__Entries provided__:
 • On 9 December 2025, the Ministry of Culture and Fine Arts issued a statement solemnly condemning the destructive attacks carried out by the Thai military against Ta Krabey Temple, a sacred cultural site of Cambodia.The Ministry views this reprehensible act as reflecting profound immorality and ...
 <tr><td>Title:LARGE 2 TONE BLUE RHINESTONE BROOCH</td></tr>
--
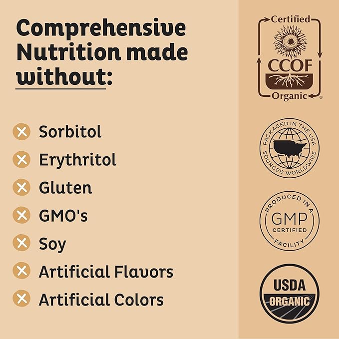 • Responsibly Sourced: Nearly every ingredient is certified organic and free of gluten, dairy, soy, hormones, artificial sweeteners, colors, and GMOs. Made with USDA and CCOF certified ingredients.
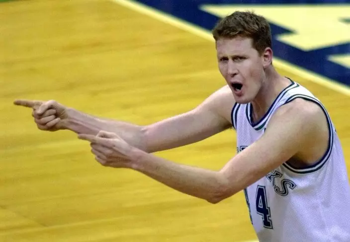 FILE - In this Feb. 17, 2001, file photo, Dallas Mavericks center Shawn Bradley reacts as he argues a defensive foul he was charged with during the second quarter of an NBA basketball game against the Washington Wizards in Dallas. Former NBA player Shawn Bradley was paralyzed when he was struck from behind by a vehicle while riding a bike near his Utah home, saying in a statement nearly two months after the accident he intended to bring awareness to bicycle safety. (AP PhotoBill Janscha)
* * *
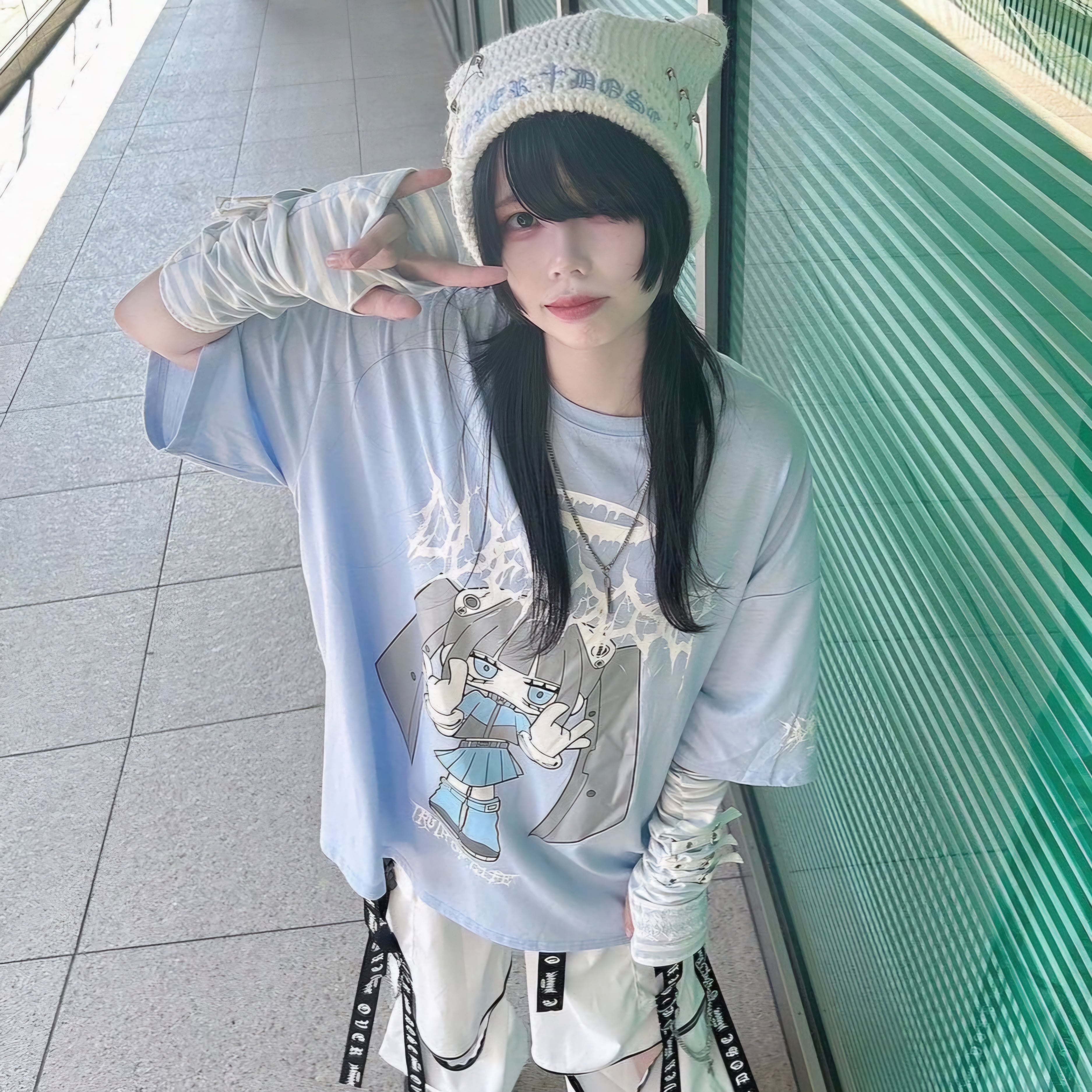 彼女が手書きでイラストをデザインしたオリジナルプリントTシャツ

__What you are asked to do__:
Reproduce the listing above exactly from the line containing "CCOF certified ingredients." up to and including the line containing "FILE - In this", omitting any images and everything outside those lines.

__Problem solution__:
 • Responsibly Sourced: Nearly every ingredient is certified organic and free of gluten, dairy, soy, hormones, artificial sweeteners, colors, and GMOs. Made with USDA and CCOF certified ingredients.
 FILE - In this Feb. 17, 2001, file photo, Dallas Mavericks center Shawn Bradley reacts as he argues a defensive foul he was charged with during the second quarter of an NBA basketball game against the Washington Wizards in Dallas. Former NBA player Shawn Bradley was paralyzed when he was struck from behind by a vehicle while riding a bike near his Utah home, saying in a statement nearly two months after the accident he intended to bring awareness to bicycle safety. (AP PhotoBill Janscha)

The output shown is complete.